Memang terkadang situasi hidup susah membuat kami lelah dan ingin sudah segera, tapi setelah kami pikir-pikir lagi kami tak ingin cepat-cepat kembali ke Jogja, berpisah, dan menjalani hidup yang penuh hiruk pikuk kesibukan dunia. Kami pasti akan merindukan suasana Maron yang ramai tapi tenang, udaranya yang sejuk dan segar, bersih dan jauh dari polusi, dan segala hal yang telah membuat kami nyaman selama 7 minggu tinggal di sana. Semuanya terasa sangat murni di sini. Rumah putih itu benar-benar sudah seperti rumah buat kami – (atau setidaknya buatku).

7 Agustus 2016.
Maron-sick.

Di hari kepulangan, Wahyu dan Juli sudah datang pagi-pagi untuk melepas kepergian kami. Manis sekali ya, kan? Diperlakukan seperti ini, bagaimana tidak ingin menangis? Tapi gengsi terlalu tinggi. Aku malu ketauan menangis, jadi kutahan sekuat tenaga agar tidak mengalir. Mbok seminggu meneh to mas. Mumet aku. Wahyu merajuk karena kami akan segera meninggalkannya. Yu, kami mau kok seminggu lagi. Tapi ya gimana.. 

Pamitan
Bye bye Maron, Tlogo, Tempuran, Seroja, Telaga Menjer, Rumah Putih, Juli, Wahyu, Rama, Kingkong depan pondokan, Pak Marji, Pak Wahidun, Pak Joko, bakso ayam depan pondokan, Pak Galon, Pak Mie Ayam, toilet Telaga Menjer, Ibu Kadus Tempuran, Rizki, kolam belakang pondokan, gunung-gunung, jipang, kamar mandi yang nggak ada airnya, tikus-tikus di pondokan, tempe kemul dekat pos ojek, Mushola Al Karim, Masjid Darul Falakh, SD N 1 Maron, dan semua yang ada di sana.

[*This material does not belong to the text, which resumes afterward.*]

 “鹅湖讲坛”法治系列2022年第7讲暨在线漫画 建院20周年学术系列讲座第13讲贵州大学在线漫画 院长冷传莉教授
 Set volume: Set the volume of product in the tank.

Sesampai di rumah dua kali aku memimpikan Maron. Yang pertama, aku memimpikan hari Minggu, sedang piket, sepulang belanja dari Pasar Garung, dan bercanda tawa bersama teman-teman di dunia atas sebelum aku memulai pertempuran di dapur. Yang kedua, aku mimpi sedang berjalan dari pondokan bersama teman-teman ke Telaga Menjer, pagi-pagi, dengan jaket biru khas KKN kami. Aneh rasanya, apalagi aku hampir tidak pernah mimpi waktu tidur. Aku memang rindu Maron sebegitunya.

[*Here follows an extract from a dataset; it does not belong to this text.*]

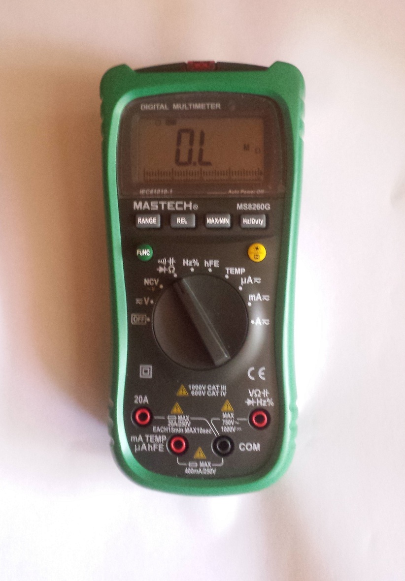 Posto sam uzeo pre jedno mesec dana instrument Mastech MS8260G i dobro ga testirao mogu da kazem da je sasvim OK za neki servis i preporucujem ga svima ko hoce da kupi instrument srednje klase, da bude dobar a da ne kosta puno. Kod nas u Srbiji kosta oko 65 eura a ja sam ga platio u inostranstvu malo manje. Ono sto mi se najvise svidelo kod njega je to sto meri frekvenciju do 10 MHz sto je odlicno za tu cenu koju on kosta. Kapacitet meri do 4000uF a toliki kapacitet ne meri ni neki mnogo skuplji instrument. Preciznost je sasvim OK i ne gresi mnogo. Kada meri otpornost ili na primer napon onda jako brzo izmeri i odmah prikaze tacnu vrednost na displeju ali se ceka od 4 do 7 sekundi za merenje kapaciteta preko 1000uF. Moze da se ukljuci i svetlo na displeju ali se dosta brzo iskljuci pa mi to nekada smeta ali mu to ipak nije neka velika mana. Ovaj instrument ima tragac faze (odlicna stvar za elektricare) gore iznad displeja i tu se nalazi senzor, buzzer i crvena lampica i kada se instrument prebaci u opseg NCV moze da nadje u zidu gde ima struje kada se senzor priblizi zidu na oko 20mm razdaljine i blize. Sam kvalitet mernih kablova (pipalica) i nije neki ali za taj novac se ne moze nesto ni ocekivati. Ko zeli da kupi instrument srednje klase koji meri skoro sve za neki novac do 100 eura svima preporucujem Mastech MS8260G.

Satu hal lagi, aku yang awalnya apatis dengan KKN akhirnya dibuat bersyukur telah mengalaminya. Kukira setelah KKN berakhir, pertemanan kami akan berangsur-angsur pudar, tapi ternyata inilah #AfterKKNLyfe-ku. Keluarga Al-Maroni yang masih dan (semoga) akan terus dekat. Sehari setelah kepulangan kami foto studio bersama. Merekam keceriaan dan wajah-wajah rindu Maron kami dalam frame-frame foto, sekaligus melepas rindu dengan teman-teman yang tinggal satu atap selama 49 hari. Setelah itu pun kami masih punya banyaaakk agenda yang menanti, seperti beachcamp (yang ini harus antiwacana), ditraktir Baping makan opor (ya kan, Ping? Haha), dan banyak lagi yang sekedar kongko-kongko melepas rindu. Malam pertama berpisah dengan mereka rasanya aneh, sepi sekali. Tidak ada tidur berpepes-pepes ria lagi. Tidak ada yang membangunkan jam 5 lagi. Dan tidak ada kebiasaan-kebiasaan yang sudah menjadi rutinitas selama kami tinggal di rumah putih. Rasanya... seperti ada yang hilang. Ganjal.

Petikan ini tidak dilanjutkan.